To comply with the GDPR, the controller-to-processor language in Article 28 must be included in contracts between the sponsor and the CRO. For large pharmaceutical companies working with many CROs or for CROs working with a large number of pharmaceutical companies, the task of updating all of the Master Services Agreements can be a major undertaking.
What is often not clear to institutions and principal investigators is their role under the GDPR. This is because the institutions and principal investigators are simultaneously data processors for the purposes of gathering clinical trial data on behalf of the sponsor and data controllers for the purposes of recording the medical care provided to the study participants.

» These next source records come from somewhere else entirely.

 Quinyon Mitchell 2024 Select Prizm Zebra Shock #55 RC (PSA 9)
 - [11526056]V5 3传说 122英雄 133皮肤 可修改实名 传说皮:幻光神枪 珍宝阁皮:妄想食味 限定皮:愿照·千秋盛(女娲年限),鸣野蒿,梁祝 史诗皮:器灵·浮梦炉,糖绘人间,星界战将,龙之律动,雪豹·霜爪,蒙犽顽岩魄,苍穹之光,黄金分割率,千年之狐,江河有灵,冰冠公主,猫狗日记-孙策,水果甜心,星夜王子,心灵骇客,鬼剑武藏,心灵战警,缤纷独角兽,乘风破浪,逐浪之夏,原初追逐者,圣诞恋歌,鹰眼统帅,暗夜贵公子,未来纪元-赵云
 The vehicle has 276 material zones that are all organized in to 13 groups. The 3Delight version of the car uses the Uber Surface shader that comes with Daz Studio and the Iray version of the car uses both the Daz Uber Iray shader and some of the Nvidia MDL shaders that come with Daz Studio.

Therefore, it is essential at the onset of a study to ensure that the Clinical Trial Agreement completed for each site contains the required Article 28 language and that the respective roles are understood by the parties. Where sites view themselves as data controllers and reject the notion that they are data processors for the sponsor, it may be possible to enter into a data sharing agreement that closely resembles the controller-to-processor agreement to help mitigate the risk of not having the correct language in place.
The administrative burden that these contractual activities impose upon an organization should not be underestimated. The process is time-consuming and negotiations can be slow, especially where there are misunderstandings about intent and content. Therefore, sponsors are strongly advised to begin addressing these contracts early.

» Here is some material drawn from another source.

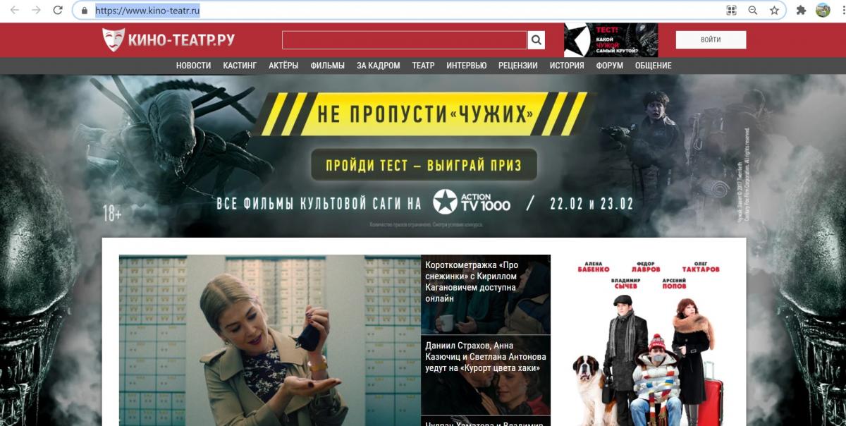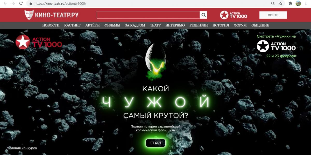 Параллельно в течение месяца до выхода на канале "Чужих" кипела работа по подготовке креативного спец. проекта на портале Кино-Театр.Ру – теста от телеканала TV1000 Action. Викторина с "кратким курсом" по истории франшизы проводилась на отдельном лендинге, проект анонсировался на сайте при помощи брендирования, сквозного баннера, кнопки в шапке сайта и баннера в поисковой выдаче портала. Кино-Театр.ру также анонсировали проект в обширной сети партнёров и дружественных информационных каналов в Telegram.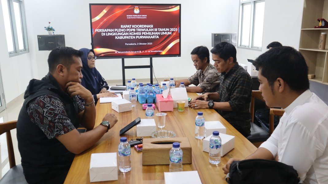 KPU Kabupaten Purwakarta menyelenggarakan Rapat Koordinasi Persiapan Pleno Pemutakhiran Data Pemilih (PDPB) Triwulan III Tahun 2025 pada Kamis, 2 Oktober 2025, bertempat di Ruang Rapat KPU Kabupaten Purwakarta. Dihadiri oleh Ketua Divisi Perencanaan, Data dan Informasi, Iip Saripudin dan Ketua Divisi Hukum dan Pengawasan, Syahrul Awaludin, Kasubbag Perencanaan, Data dan Informasi, Gitasari dan staf Sekretariat KPU Kabupaten Purwakarta serta mengundang pihak eksternal diantaranya perwakilan dari Bawaslu, Disdukcapil dan DPMD Kabupaten Purwakarta.

Early Planning for GDPR Compliance
While the GDPR was designed to standardize the protection of personal data across the EU, the regulation includes a number of opening clauses that allow member states to introduce their own legislation in certain areas of data protection. Therefore, sponsors and CROs will need to stay abreast of any national distinctions that develop. These distinctions inevitably mean that sponsors and CROs need to be flexible in their approach toward key documentation.
As a first step toward achieving and maintaining GDPR compliance, sponsors and CROs should focus on data mapping and auditing contractual relationships and technologies to determine what changes are needed to achieve compliance. Beginning this process early in clinical development can help ensure that study start-up proceeds as smoothly as possible.
In the final blogpost of this series, we will explore key considerations for clinical trial recruitment and discuss the nuances of informed consent and data handling.
Note: This material is provided for informational purposes only and not for the purpose of providing legal advice. If you are unsure whether the GDPR applies to a particular study or scenario, we suggest consulting with legal counsel for guidance.